Any plans to support fonts properly?
Apologies for the delay on this - I've already noted this on #3 and I haven't yet found an appropriate configuration for pdf.js to recognise more fonts - feel free to dig around in their docs and let me know / submit a pull request if you find a solution.
I am thinking it is an issue with "canvas" not seeing the fonts. If the fonts are embedded in the PDF, it probably needs to be loaded into canvas.
I was getting the same issue. I changed line 100 in pdf-img-convert.js to set disableFontFace argument to true and I get a much better result when rendering text.
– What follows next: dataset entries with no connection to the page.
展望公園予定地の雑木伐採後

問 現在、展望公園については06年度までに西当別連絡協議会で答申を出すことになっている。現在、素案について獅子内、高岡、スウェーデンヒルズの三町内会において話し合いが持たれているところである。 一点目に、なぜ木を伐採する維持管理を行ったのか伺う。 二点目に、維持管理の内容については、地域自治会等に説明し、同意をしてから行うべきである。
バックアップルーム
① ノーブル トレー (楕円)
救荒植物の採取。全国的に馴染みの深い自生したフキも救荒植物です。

var loadingTask = pdfjs.getDocument({data: pdfData, disableFontFace:true});
Might be worth while breaking this argument out into the config option.
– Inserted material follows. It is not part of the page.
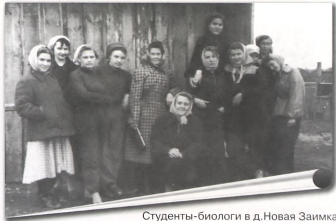
Студенты-биологи в д.Новая Заимка
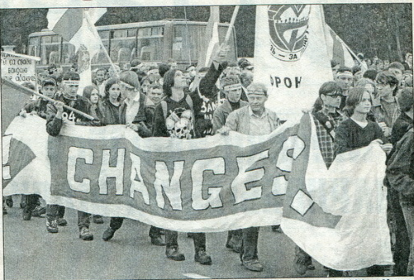
Падчас акцыі «Чарнобыльскі шлях – 2001» у Менску

Вінцук Вячорка, старшыня БНФ, так пракамэнтаваў вынікі акцыі: "Гэта найперш чарнобыльская акцыя. Ейная задача, як і самага першага "Чарнобыльскага шляху", – прыцягнуць увагу сьвету да трагедыі, што адбылася 15 год таму, а таксама паказаць, што гэтая трагедыя не хвалюе цяперашнюю ўладу. Праўда, мяркуючы па прапагандовай гістэрыі, што разгарнулі ўрадавыя СМІ напярэдадні акцыі, пад нашым ціскам улады зрабілі выгляд увагі на Чарнобыльскія праблемы. Аднак усім вядома, што з прыходам да ўлады Лукашэнкі былі адмененыя ранейшыя гуманныя дасягненні дэмакратычных сілаў у гэтай сфэры: спыненае перасяленьне людзей з забруджаных радыяцыяй тэрыторыяў, адмененая забарона вырабу сельскагаспадарчай прадукцыі ў чарнобыльскай зоне. Лукашэнка, ці то з-за жаданьня плянамерна знішчаць беларускую нацыю, ці то з-за катастрофічнага развалу эканомікі, скасаваў ранейшыя рашэньні

Reading a bit more it looks like the whole parameter can be removed as pdfjs should handle it automatically now in nodejs. mozilla/pdf.js#9778
var loadingTask = pdfjs.getDocument({data: pdfData});
That seems to work for me however I have not done extensive testing.
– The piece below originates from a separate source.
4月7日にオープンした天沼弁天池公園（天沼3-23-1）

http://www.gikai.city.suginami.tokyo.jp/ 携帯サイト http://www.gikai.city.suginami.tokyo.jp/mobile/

Once the project is updated, I can run a few tests and if that works push it out to a large audience doing conversions to see if it has an issue in real life.
Thanks for the help - I'll try a combination of removing the disableFontFace
arg and maybe trying a different version of node-canvas
which copes with fonts better.
So I've done some research and some playing around on this - I've found that, indeed, it recognises more characters with disableFontFace
removed. However pdf.js pre-processing struggles with fonts in certain circumstances resulting in the characters not being rendered at all (talked about extensively in this issue) - so it seems like I can't make conversion completely airtight without them fixing this.
I'll remove disableFontFace: false
from the code and I'll probably set it as an optional parameter on conversion.
I've released the proposed fix as a beta version so if you'd like to test it use:
npm install pdf-img-convert@1.0.4-beta.0
As amazing as this project is, unless fonts are reliable, it cannot be used in production. How about looking at PDF Lib instead?
I investigated using PDF-Lib before pdf.js - unfortunately it has even more limited rendering capabilities. I'll investigate making a pdf.js fork for this use-case because what I ideally need is font rendering which falls back on system fonts when they're not embedded properly in the PDF but it'll probably take quite a while.
I installed the pdf-img-convert@1.0.4-beta.0 version and it worked for me! Thanks!
Thanks, pdf-img-convert@1.0.4-beta.0
works for me as well! Will the fix be included in a stable release?